In this embodiment, the side pressure measurement assembly 640 includes a side measurement pressure clamp driver 641, a side measurement pressure clamp 642, a side measurement insulation plate 643 and a combination electrode plate 434. The side measurement pressure clamp driver 641 is fixed on the side pressure measurement stage, the side measurement pressure clamp 642 is fixed on the side measurement pressure clamp driver 641, the side measurement insulation plate 643 is fixed on the side measurement pressure clamp 642, and the combined electrode plate 434 is fixed on the The side measurement insulating plate 643 is aligned with the front side or the rear side of the side pressure measurement carrier plate, which can extend to the front side of the battery or the rear side 13 of the battery. The side measurement pressurization clamp driver 641 can drive the combined electrode plate 434 to press the front side of the battery or the rear side 13 of the battery.

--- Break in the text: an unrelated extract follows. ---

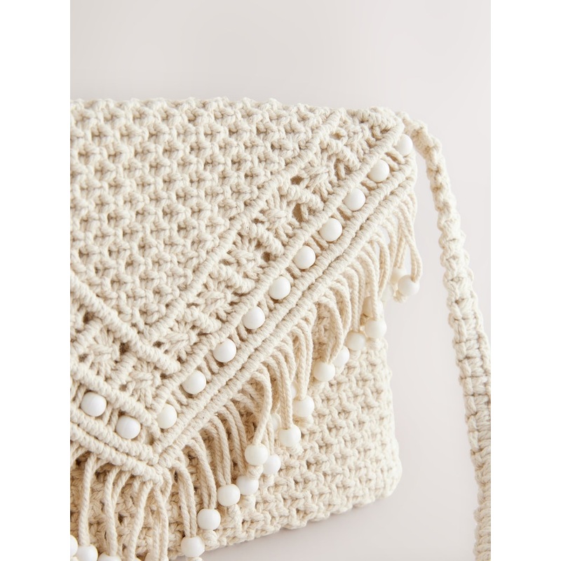 This cross body bag has a summery look, made with a macrame woven design with beaded detailing and a shoulder strap, finished with a main storage compartment and a soft fabric. 100% cotton Macrame design Beaded detailing Crossbody shoulder strap Height 20.5cm Width 27.5cm Depth 1.5cm Main 100% Cotton. Lining 100% Cotton.

In this embodiment, the top pressure assembly 437 includes a top pressure driver 4371 and a top pressure insulating clamp 4372. The top pressure driver 4371 is fixed on the corresponding large surface measurement platform 430, bottom surface measurement platform 510 or side measurement platform 610. The top surface pressure insulation clamp 4372 is fixed on the output end of the top surface pressure driver 4371, and is aligned towards the corresponding bottom surface placement edge, which can extend toward the battery. On the top surface 11 , the top surface pressing driver 4371 can drive the top surface pressing insulating clamp 4372 to press the top surface 11 of the battery.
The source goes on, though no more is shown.